There are certain situations where consumer advocates would argue the Breg Billing Department is violating certain billing laws or guidelines:
- Not providing any billing notice before sending to collections
- Billing patients instead of insurance without proper notification
- Knowingly overcharging beyond reasonable insurance rates
- Attempting to collect on bills after the legal limitations period
While rare, any cases where Breg bills reach these extremes could be challenged as fraudulent or illegal practices.
Tips on Dealing With Breg Billing Department Bills
Now that we’ve fully analyzed the Breg Billing Department’s billing tactics, here is some advice on how to handle any bills you receive:
Verify any bills are legitimate
First, confirm any surprising bills are actually from the legitimate Breg company by calling them directly or looking up their official contact info. There are some medical billing scams impersonating real companies.
Check for insurance records
Your insurance company should have a record of the claim if Breg submitted it properly to them first. If there’s no claim record, you can argue Breg must bill insurance before charging you.

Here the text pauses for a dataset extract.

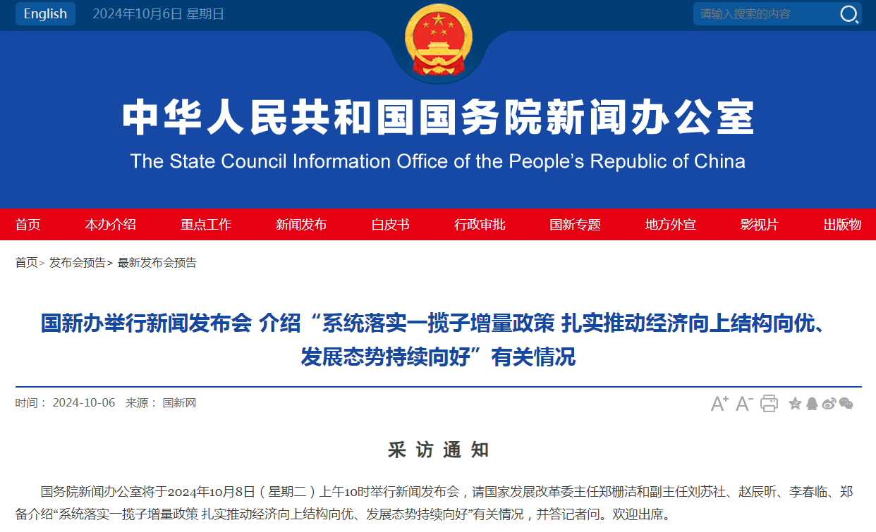 国新办将举行新闻发布会 介绍系统落实一揽子增量政策有关情况 界面新闻 10月06日 10月6日,国务院新闻办公室发布采访通知:国务院新闻办公室将于2024年10月8日(星期二)上午10时举行新闻发布会,请国家发展改革委主任郑栅洁和副主任刘苏社、赵辰昕、李春临、郑备介绍“系统落实一揽子增量政策 扎实推动经济向上结构向优、发展态势持续向好”有关情况,并答记者问。(文章来源:界面新闻) (责任编辑:迷你学人)

Negotiate unreasonable prices
Don’t be afraid to push back on excessive price markup. Research retail prices for braces or devices to counter their inflated charges.
Utilize billing protection laws
Check billing timeframe limits and dispute bills sent to collections without proper notice. Bills over 1 year old could be invalid.
Submit billing complaints to organizations like the Better Business Bureau to create a paper trail of improper billing practices.
Know your rights
Understand laws around third-party medical billing practices so you can identify any violations of required procedures.
With the right approach, you can potentially negotiate Breg bills down to reasonable prices or even avoid responsibility for bills that were unlawfully sent.
Common Breg Billing Department Questions
We’ll wrap up by answering some frequent questions people have about puzzling bills from the Breg Billing Department:
How can I get billed months later for a brace received at a doctor’s appointment?
It is legal for device suppliers like Breg to bill separately from healthcare providers at a later date, even months after your visit. This third-party billing practice is allowed but frustration over surprise bills is understandable.
Do I have to pay Breg bills if I have insurance?
Typically yes, if Breg submitted the claim properly to insurance first and your insurer processed some of the costs towards your deductible or copays. However, there is more room to negotiate pricing if Breg seems to bill patients directly.
Are Breg’s prices fair compared to the product value?
Often no, their bill pricing involves huge markups over the manufacturing costs and retail prices for braces and devices. However, inflated pricing is standard with how the healthcare industry operates.
Can I get a refund for a Breg product I didn’t even want?
Unfortunately not. Once you receive a Breg device from a healthcare provider, you are considered liable for the billing costs. Hopefully the tips above can help reduce the pricing.
What recourse do I have if I think their billing is fraudulent?
You can file complaints with the BBB, FTC, and state insurance commissioners to bring light to improper billing practices. You also have grounds to dispute any bills you believe were sent illegally.
Hopefully this guide provided useful insights into dealing with the controversial Breg Billing Department. While their billing tactics can be frustrating, being an informed advocate for yourself can help greatly reduce the costs. Don’t hesitate to use your rights to fight back against unreasonable bills.